I nodded, even though my heart was pounding out of my chest.

***

He put me on all fours on the bed. He took his time, preparing me patiently, with spit and careful fingers, until I stopped tensing up. When he finally started to enter me, he did it so slowly that I almost didn’t notice the exact moment I stopped being a virgin.

He stopped all the way in for a few seconds, giving me time to adjust. I was breathing in short gasps, clutching the sheets, feeling every centimeter as something entirely new.

“Okay?” he whispered.

“Don’t stop,” was the only thing I could say.

He didn’t stop. He started moving, first slowly and then with more determination, and I discovered that it surpassed anything I had fantasized about in the solitude of my room. He had a way of doing it that drove me crazy: sometimes he pulled out and made me turn my head to use my mouth, and an instant later he’d take me from behind again. That alternation, that back and forth, had me completely at his mercy.

He tried me in several positions. The last was standing, me pulling my ass cheeks apart with my own hands so he could get all the way in. I didn’t want it to end. I felt as if all that fantasy I had kept locked away for years was suddenly becoming real, in a hotel room in a city that wasn’t mine, with a man I hadn’t even known on Monday.

“Want more in your mouth?” he asked after a good while, his breathing ragged.

“When you’re ready, let me know,” I answered.

I knelt in front of him. He jerked himself slowly, brushing against my face, teasing me, until I felt the first warm drops on my tongue. I took all of him, without pulling away, every last drop. Afterward I sat beside him, both of us breathless, laughing like two people who had just shared a huge secret.

***

We slept together that night. The next morning, before each of us went our separate ways, there was still time for a slow goodbye under the sheets, without hurry, as if we wanted to stretch out a little longer something we knew wouldn’t happen again.
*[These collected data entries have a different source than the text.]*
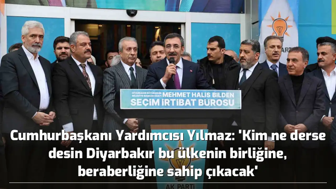 Cumhurbaşkanı Yardımcısı Cevdet Yılmaz, Diyarbakır'da Adalet ve Kalkınma Partisi'nin (AK Parti) Seçim Koordinasyon Merkezi'nin (SKM) açılışına katılarak, 'Kim ne derse desin Diyarbakır bu ülkenin birliğine, beraberliğine sahip çıkacak. Bu vatana, bu bayrağa, bu devlete sahip çıkacak ve emperyalist birtakım güçlerin bu bölge üzerinde kurduğu hesapları boşa çıkaracak' dedi.
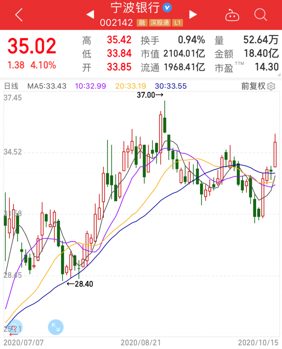 对于银行板块来说,10月15日沪深两市36只上市银行均实现了不同程度上涨,其中杭州银行涨幅居首为5.31%;其次是宁波银行涨4.1%,截至10月15日收盘价为35.02元。
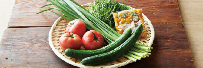 ※生育状況によって品目・量目が変わることがあります。■セット内容/モロヘイヤ100g、おかひじき80g、ニラ100g、行者菜80g、きゅうり200g、ピーマン150gから3品、トマト400gまたはミニトマト150g、洗いなめこ100gまたはまいたけ100gから2品の計5品目をお届け。
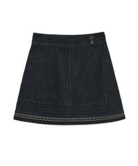데님 니들워크 미디 스커트 (블랙)
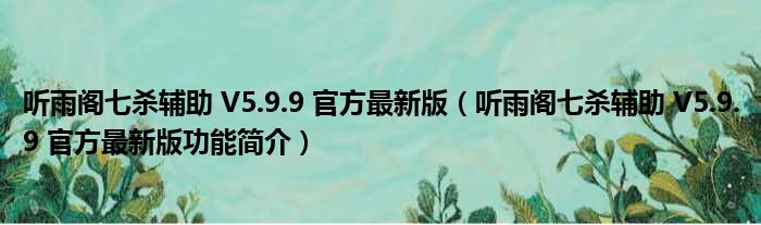 听雨阁七杀辅助 V5.9.9 官方最新版(听雨阁七杀辅助 V5.9.9 官方最新版功能简介)
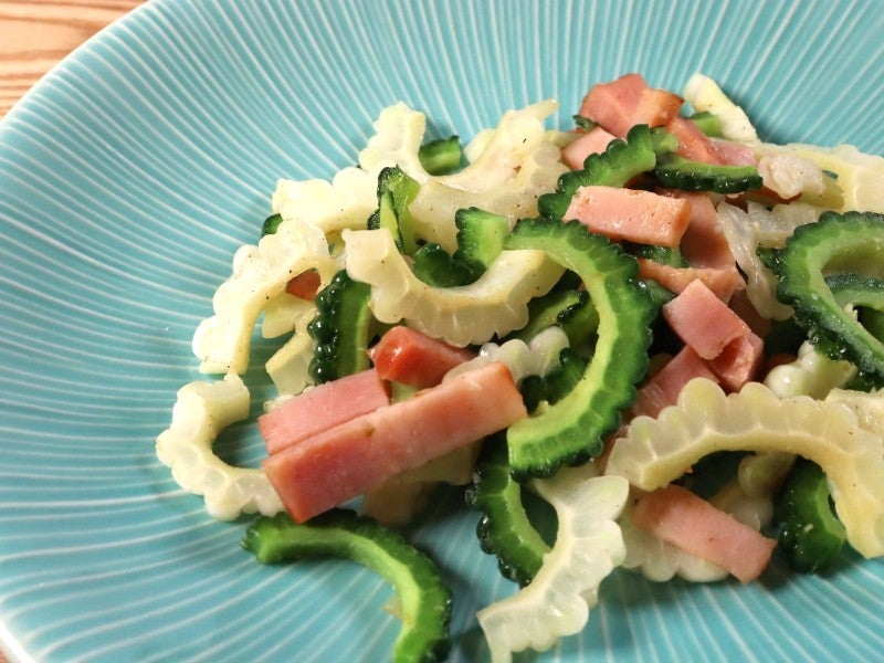- 「白ゴーヤ」「ゴーヤ」「ベーコン拍子切り」をいため、「味付塩コショー」と「オイスターソース」で味付けし完成です。
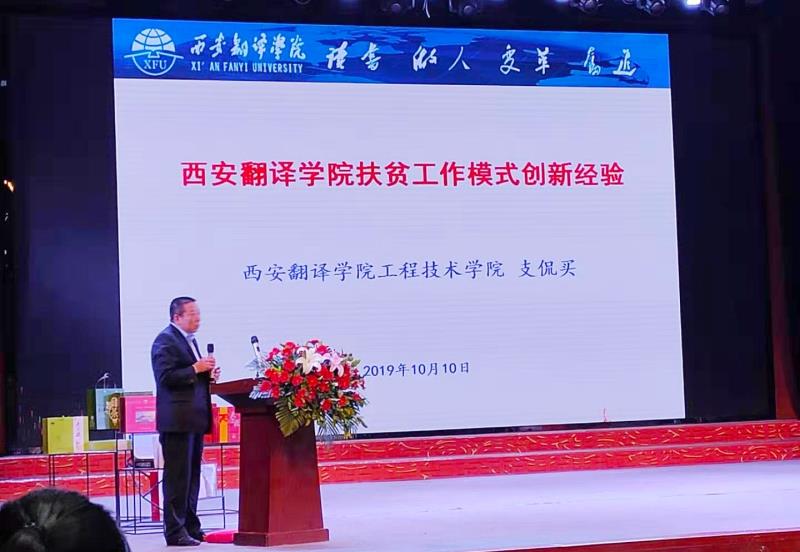 我校工程技术学院副院长支侃买受邀作“西安翻译学院扶贫工作模式创新验验”的主题演讲,我校自“两联一包”、“双百工程”以来在产业扶贫、教育帮扶、消费扶贫、义务培训、扶贫调研等方面的经验受到商洛市各级政府、与会企业及十余所高校的一致肯定与赞扬。我校四支学生团队为天竺山镇三槐村在蜂蜜营销、红色之旅、民宿经营方面的营销计划分别荣获一等奖一项、二等奖一项、优秀奖二项。
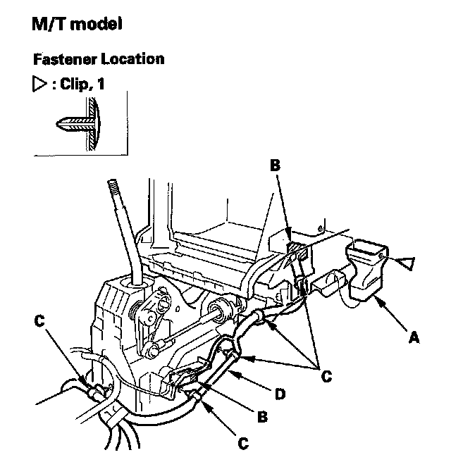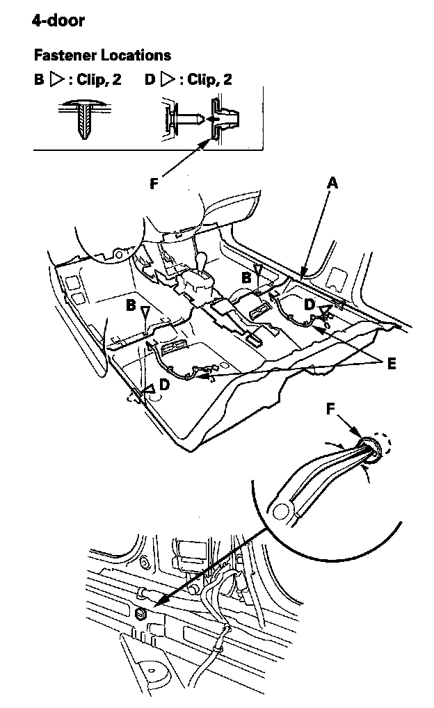 NOTE: Replace the clip (D) and the grommet (F) as an assembly with a new one.

We bathed in that huge tub by the window, with the city waking up outside. We hardly spoke. There was no need.

Darío and I stayed in touch for a while, messages every now and then, photos, some promise neither of us kept. We never saw each other again. But sometimes, when I put on lingerie in front of the mirror in my room, I no longer imagine just any hands. I imagine that night in Lisbon, the first time I stopped dreaming about it and finally lived it.